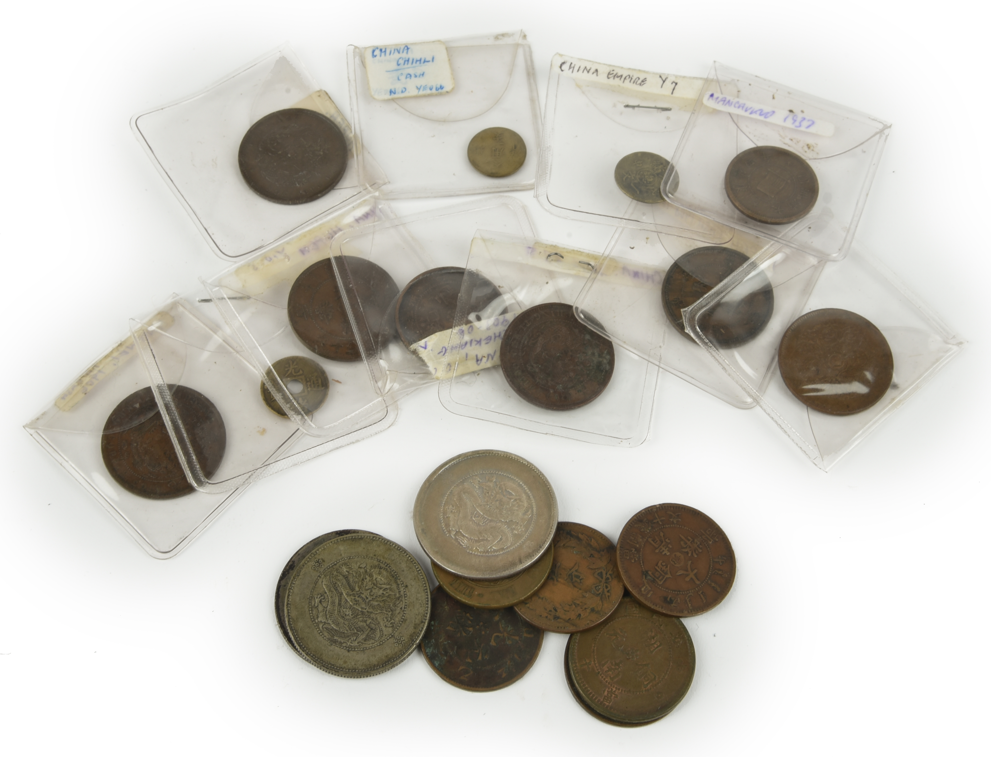 China: a small quantity of coins, including: Empire, standard unified coinage, brass cash (Y 7), near very fine; Republic: Yunnan, fifty cents (3), re-struck imperial coinage, Yunnan Sheng zao(Yün-nan Sheng Tsao), rev. dragon with two circles below pearl (KM Y257), two tarnished, all about very fine; Kiang-Nan, copper ten cash, very fine; Anhwei, copper ten cash, 1906, near very fine; and various others, in middle to high grades. [qty]
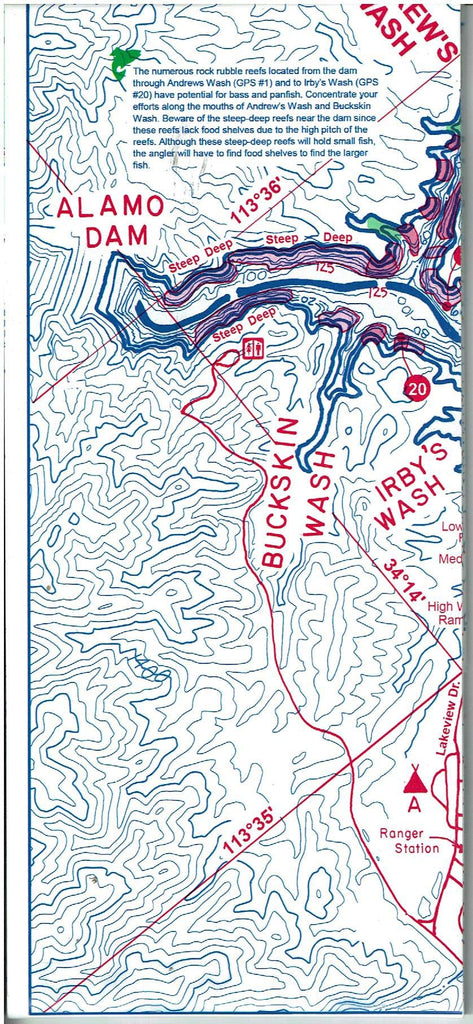 Alamo & San Carlos Reservoirs with GPS! Improved! with Fish Habitat Locations! (Waterpoof & Tearproof Plastic!)
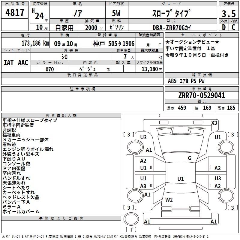 TOYOTA NOAH 2012 г., лот № 4817
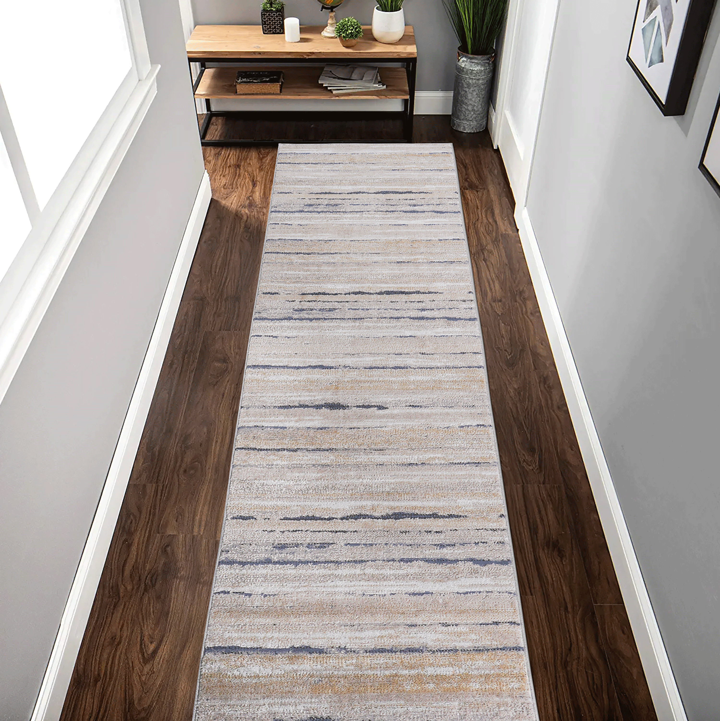 PAYAS 2X8 Ivory Blue Striped Runner Rug is designed for style, comfort, and everyday use.
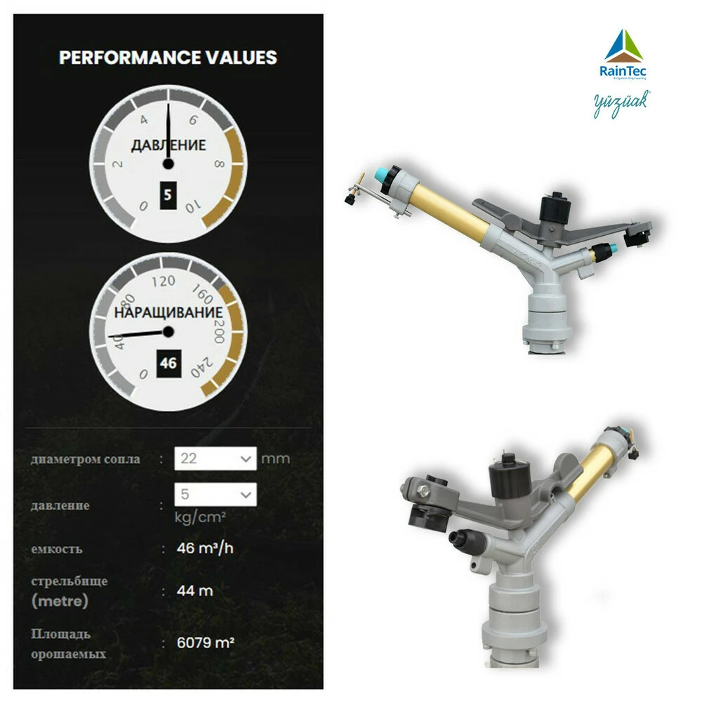 Разбрызгиватель ударного действия, вращающийся по кругу. Он имеет выпускное отверстие с двойным отверстием и сменную вращающуюся насадку. Он используется только для полного оборота. Это работает при среднем и высоком давлении (2 – 5 бар). Регулируемый водоотбойник обеспечивает равномерный полив. А благодаря углу наклона корпуса 28 градусов, он менее подвержен влиянию ветра по сравнению с его эквивалентами 30 и 33 градуса. Основной корпус алюминиевый с вращающимся механизмом. Нижние части корпуса из алюминия и латуни. Уплотнительная система латентного типа, без проблем работает с илистой водой.
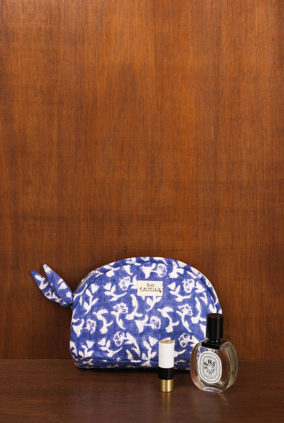 Confectionnée artisanalement à Jaipur, en Inde, selon la technique traditionnelle du block print, chaque trousse est unique.
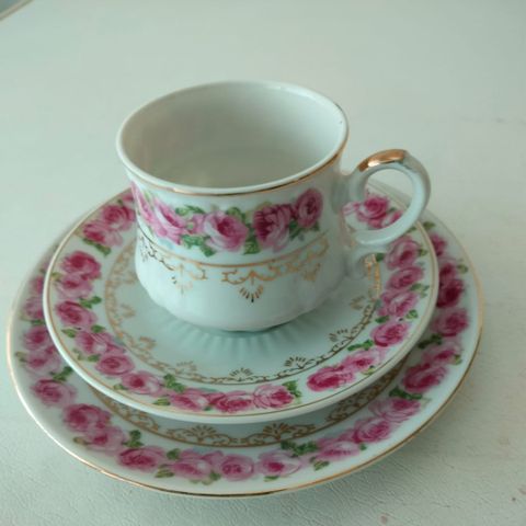 Kauniit, erittäin hyväkuntoiset kahvikupit, luuposliinia, 9 kpl kuppeja ja lautasia, 4 kpl pullalautasia yht. 38 e + mahdolliset postikulut

========================

- [WHAT THIS TASK INVOLVES]: Beginning with the first entry above, reproduce every line verbatim until the line with "PAYAS 2X8 Ivory", which is included too; omit pictures.

- [ANSWER TO THE PROBLEM]:
 China: a small quantity of coins, including: Empire, standard unified coinage, brass cash (Y 7), near very fine; Republic: Yunnan, fifty cents (3), re-struck imperial coinage, Yunnan Sheng zao(Yün-nan Sheng Tsao), rev. dragon with two circles below pearl (KM Y257), two tarnished, all about very fine; Kiang-Nan, copper ten cash, very fine; Anhwei, copper ten cash, 1906, near very fine; and various others, in middle to high grades. [qty]
 Alamo & San Carlos Reservoirs with GPS! Improved! with Fish Habitat Locations! (Waterpoof & Tearproof Plastic!)
 TOYOTA NOAH 2012 г., лот № 4817
 PAYAS 2X8 Ivory Blue Striped Runner Rug is designed for style, comfort, and everyday use.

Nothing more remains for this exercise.